# [Study material]
>>

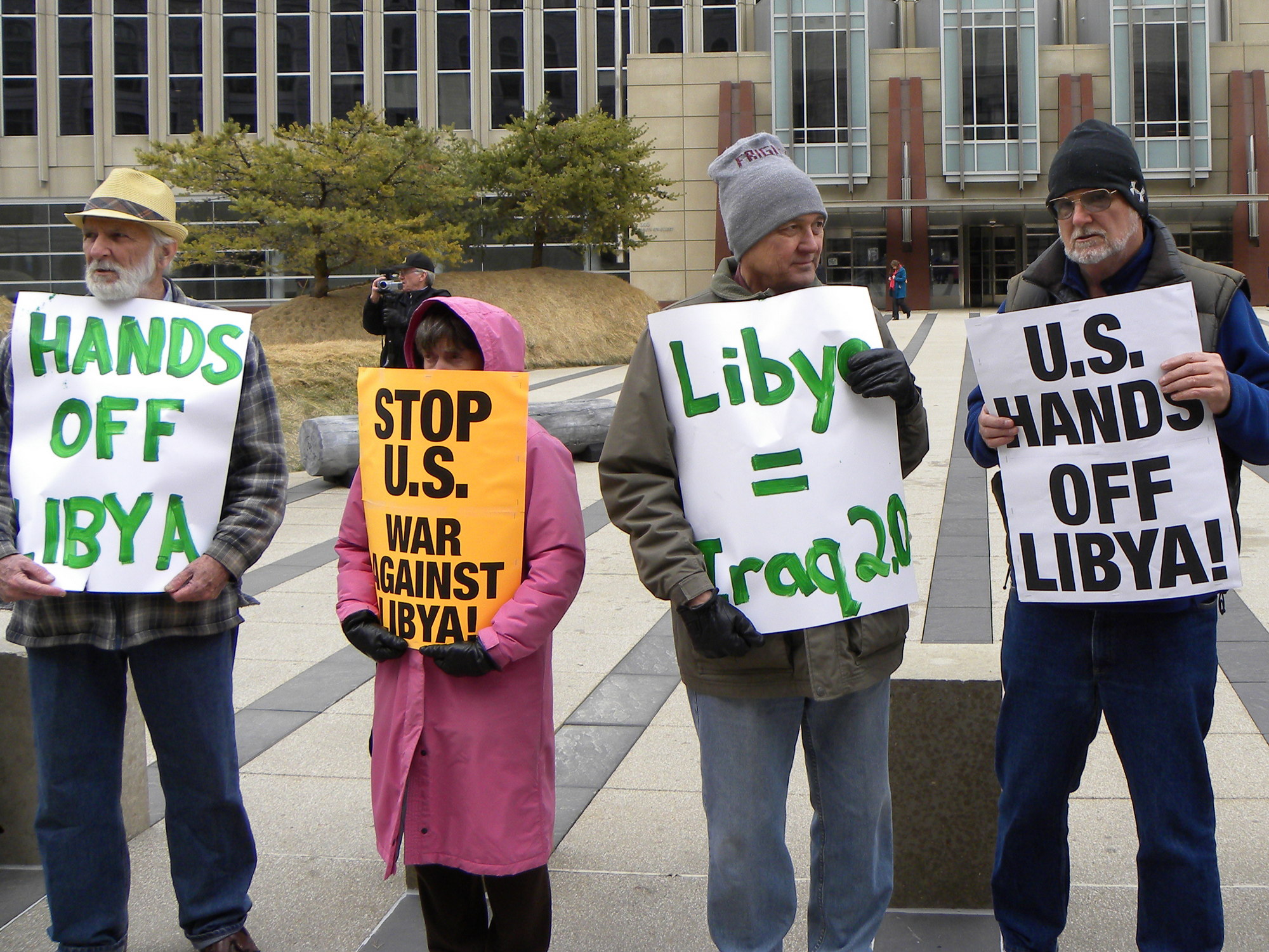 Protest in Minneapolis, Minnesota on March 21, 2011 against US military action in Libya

<<
>>

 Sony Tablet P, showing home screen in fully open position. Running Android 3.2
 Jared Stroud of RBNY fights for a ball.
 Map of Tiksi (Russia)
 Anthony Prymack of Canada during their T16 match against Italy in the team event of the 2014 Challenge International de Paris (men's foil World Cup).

<<

# [Exercise prompt]
Return the span of lines in the data above that opens at the line with "Jared Stroud of RBNY fights for a ball." and closes at the line with "Anthony Prymack of", exactly, ends included, nothing else.

# [Result]
 Jared Stroud of RBNY fights for a ball.
 Map of Tiksi (Russia)
 Anthony Prymack of Canada during their T16 match against Italy in the team event of the 2014 Challenge International de Paris (men's foil World Cup).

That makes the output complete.